Comparaisons et références sectorielles
Dans le même registre d’opérations d’autodétention, plusieurs acteurs cotés ont récemment déclaré des rachats ou des opérations similaires. Pour contextualiser, voir par exemple des opérations comparables : EURAZEO rachète 40 000 actions sur Euronext Paris, ALTAREA accroît son autodétention d’actions en août et TIKEHAU CAPITAL rachète 9 574 actions propres.
La déclaration ne signale pas d’impact sur la structure du capital (nombre total d’actions en circulation ou pourcentage de capital détenu en autodétention), ni de modification du programme-cadre éventuel. Seules les transactions exécutées sur la période et leur finalité nominale sont détaillées dans le dépôt.
Conformité et traçabilité des opérations
Le fichier publié respecte le format réglementaire de déclaration des achats d’actions propres, avec référence de marché, horodatage et numéro de référence de transaction pour chaque ligne. Les éléments fournis permettent un rapprochement horaire et quantitatif entre les lignes individuelles et les agrégats journaliers. Le prestataire exécutant est identifié pour chaque transaction, ce qui assure la traçabilité des exécutions.
Le caractère majoritaire des lignes annotées “STOCK OPTIONS” indique que ces achats servent principalement à couvrir des engagements liés à des plans d’options sur titres, et non à une opération de marché visant à réduire le flottant à titre général ; le document ne mentionne aucun usage alternatif ni rachat en vue d’annulation.

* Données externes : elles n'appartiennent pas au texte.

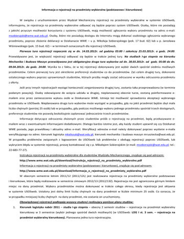 Informacja o rejestracji na przedmioty wybieralne (podstawowe i kierunkowe) W związku z uruchomieniem przez Wydział Mechaniczny rejestracji na przedmioty wybieralne w systemie USOSweb, informujemy, że rejestracja na przedmioty wybieralne odbywać się będzie poprzez system USOSweb. Osoby, które nie posiadają z jakichś przyczyn możliwości korzystania z systemu USOSweb, mają możliwość zgłoszenia wyboru przedmiotu na adres e‐mail: [email protected]. Osoby, które nie posiadają dostępu do Internetu mogą dokonać osobistego zgłoszenia wybranego przedmiotu, poprzez złożenie deklaracji w Dziekanacie WME – u p. Mikołaja Sobierajskiego (pok. 17 bud. 62) lub u p. Jarosława Wiśniewskiego (pok. 15 bud. 62) – w terminach oznaczonych dla rejestracji USOSweb. Pierwsza tura rejestracji rozpocznie się w dn. 14.03.2012r. od godziny 05:00 i zakończy 25.03.2012r. o godz. 24:00. Przewidywane jest, że większość rejestracji odbywać się będzie w trakcie jednej tury. Na studiach I‐go stopnia na kierunku Mechanika i Budowa Maszyn przewidywana jest obligatoryjna druga tura wyborów od dn. 28.03.2012r. od godz. 05:00 do dn. 09.04.2012r. do godz. 24:00. Wynika to z faktu, że w tej rejestracji dokonywany jest wybór dwóch spośród siedmiu możliwych przedmiotów. Celem pierwszej tury jest określenie preferencji studentów co do przedmiotów. Zaś celem drugiej tury, dokonanie ostatecznego wyboru poprzez uprawnionych studentów, których prośby mogły zostać odrzucone w wyniku odrzucenia przedmiotu z oferty. Jeśli przy innych rejestracjach wystąpi konieczność zorganizowania drugiej tury, zostania taka przeprowadzona (w terminie podanym powyżej). Osoby zobowiązane do wzięcia udziału w drugiej, nieplanowanej obecnie turze, zostaną poinformowane e‐ mailem oraz przez zamieszczenie wykazu osób w Dziekanacie WME. Istnieje też możliwość sprawdzenia akceptacji wybranego przedmiotu w USOSweb. Nieplanowana druga tura wyborów może wystąpić w przypadku, gdy na jakiś przedmiot będzie zbyt mała liczba chętnych (poniżej 25 osób) lub w przypadku, gdy podczas możliwego wyboru jednego przedmiotu spośród trzech dostępnych, preferencje studentów nie pozwolą bezkolizyjnie zaplanować jednocześnie trzech przedmiotów. Informacje dotyczące odrzucenia złożonych przez studentów próśb o rejestrację na przedmiot, będą przekazywane e‐ mailem wraz z ewentualnymi informacjami dodatkowymi. Dlatego bardzo istotne jest, aby każdy student upewnił się czy Dziekanat WME posiada, jego prawidłowy i aktualny adres e‐mail. Weryfikacji adresów e‐mail należy dokonywać poprzez wysłanie e‐maila weryfikującego na adres: kierunek logistyka [email protected]; kierunek mechanika i budowa maszyn [email protected]. W przypadku problemów związanych z logowaniem do USOSweb lub problemów z obsługą rejestracji poprzez USOSweb, lub wykryciem błędu w systemie rejestracji, proszę kontaktować się z p. Mikołajem Sobierajskim (e‐mail: [email protected]; tel.: 22‐683‐77‐27). Instrukcja rejestracji na przedmioty wybieralne dla studentów Wydziału Mechanicznego, znajduje się pod adresem: http://www.wme.wat.edu.pl/download/Instrukcja_rejestracji_na_przedmioty_wybieralne.pdf Informacja o rejestracji na przedmioty wybieralne (podstawowe i kierunkowe), znajduje się pod adresem: http://www.wme.wat.edu.pl/download/Informacja_o_rejestracji_na_przedmioty_wybieralne.pdf W obecnym semestrze letnim 2011/12 (2011/12L) jest realizowana rejestracja na przedmioty wybieralne podstawowe i kierunkowe, które będą realizowane w semestrze zimowym 2012/13 (2012/13Z). Rejestracja nie jest ograniczona górnym limitem miejsc na dany przedmiot. Wyboru przedmiotów można dokonywać w trakcie całego okresu, kiedy rejestracja jest aktywna w systemie USOSweb. Ustalony jest dolny limit liczby chętnych na dany przedmiot w liczbie minimum 25 osób. Co oznacza, że w przypadku mniejszej liczby chętnych na dany przedmiot, nie zostanie on uruchomiony. Obowiązkowej rejestracji podlegają wszyscy studenci realizujący poniższe plany studiów: 1. Kierunek logistyka nabór 2011 – studia I‐go stopnia – obecny 2 semestr studiów – rejestracja na przedmiot wybieralny kierunkowy w 3 semestrze (wybór jednego spośród dwóch możliwych) (w USOSweb: LOG I st. 3 sem. – rejestracja na przedmiot wybieralny kierunkowy). Planowana jedna tura rejestracyjna. 2. Kierunek mechanika i budowa maszyn nabór 2011 – studia I‐go stopnia – obecny 2 semestr studiów – rejestracja na przedmiot wybieralny podstawowy w 3 semestrze (wybór jednego spośród dwóch mozliwych) (w USOSweb: MiBM I st. 3 sem – rejestracja na przedmiot wybieralny podstawowy). Planowana jedna tura rejestracyjna. 3. Kierunek mechanika i budowa maszyn nabór 2011 – studia I‐go stopnia – obecny 2 semestr studiów – rejestracja na przedmioty wybieralny kierunkowe w 3 semestrze (wybór dwóch spośród siedmiu możliwych) (w USOSweb: MiBM I st. 3 sem – rejestracja na przedmioty wybieralne podstawowe). Planowane są dwie tury rejestracyjne. 4. Kierunek logistyka nabór luty 2012 – studia II‐go stopnia – obecny 1 semestr studiów – rejestracja na przedmiot wybieralny podstawowy w 2 semestrze (wybór jednego spośród dwóch możliwych) (w USOSweb: LOG II st. 2 sem. – rejestracja na przedmiot wybieralny podstawowy). Planowana jedna tura rejestracyjna. 5. Kierunek logistyka nabór luty 2012 – studia II‐go stopnia – obecny 1 semestr studiów – rejestracja na przedmiot wybieralny kierunkowy Nr 1, w 2 semestrze (wybór jednego spośród dwóch możliwych) (w USOSweb: LOG II st. 2 sem. – rejestracja na przedmiot wybieralny kierunkowy Nr 1). Planowana jedna tura rejestracyjna. 6. Kierunek logistyka nabór luty 2012 – studia II‐go stopnia – obecny 1 semestr studiów – rejestracja na przedmiot wybieralny kierunkowy Nr 2, w 2 semestrze (wybór jednego spośród dwóch możliwych) (w USOSweb: LO

Conséquences comptables et financières
Sur le plan comptable, les titres acquis en auto‑détention pour couvrir des attributions d’options sont généralement immobilisés en compte de trésorerie ou en compte d’autocontrôle selon les règles applicables, et leur traitement dépend du cadre comptable retenu par l’émetteur. L’impact sur le bilan est limité à l’actif circulant et à la trésorerie sortie, sans modification immédiate du capital social tant que les actions ne sont pas annulées ou réattribuées.
Financièrement, l’effort en trésorerie est contenu sur cette période (environ 153 k€), ce qui est modéré par rapport à la taille d’un émetteur coté ; l’opération est donc peu susceptible d’affecter significativement la liquidité du titre sur le moyen terme. Cependant, une concentration importante des achats sur une seule séance — ici le 31/08/2026 — peut induire une volatilité temporaire intrajournalière sur les cours.
Points de vigilance pour les investisseurs
Les investisseurs doivent noter la finalité « STOCK OPTIONS » : ces rachats visent à honorer des engagements d’obligations de l’entreprise envers ses bénéficiaires de plans de rémunération en actions. Il convient de vérifier, via les rapports annuels ou le document de référence, l’existence et l’état des plans d’options, leur calendrier d’exercice et le nombre maximal d’actions susceptibles d’être attribuées. L’absence d’information sur une éventuelle annulation d’actions signifie qu’il faut rester attentif aux déclarations futures si l’émetteur souhaite réduire durablement son flottant.
Enfin, la traçabilité et le détail transaction par transaction facilitent la vérification indépendante des volumes et des prix déclarés ; toute anomalie ou incohérence éventuelle peut être rapprochée des fichiers horodatés publiés pour demande d’explication auprès de l’émetteur ou des autorités compétentes.
Pour consulter la source : communiqué officiel OAM.
Mise en perspective
Un achat de 7 043 actions sur cinq jours, concentré à 6 218 titres le premier jour, illustre une exécution ciblée pour couvrir des attributions d’options plutôt qu’une politique de rachat massive en continu ; pour les investisseurs, cela signifie une pression limitée sur le flottant à court terme et une dépense de trésorerie contenue autour de 152,8 k€ sur la période. Les concurrents et intervenants de marché retiendront que l’opération a été opérée par un PSI unique et déclarée conformément aux règles OAM, facilitant le suivi réglementaire ; pour les dirigeants et DAF, la lecture utile est que l’autodétention, ici, répond à des obligations d’instruments de rémunération plutôt qu’à une stratégie de gestion active du capital.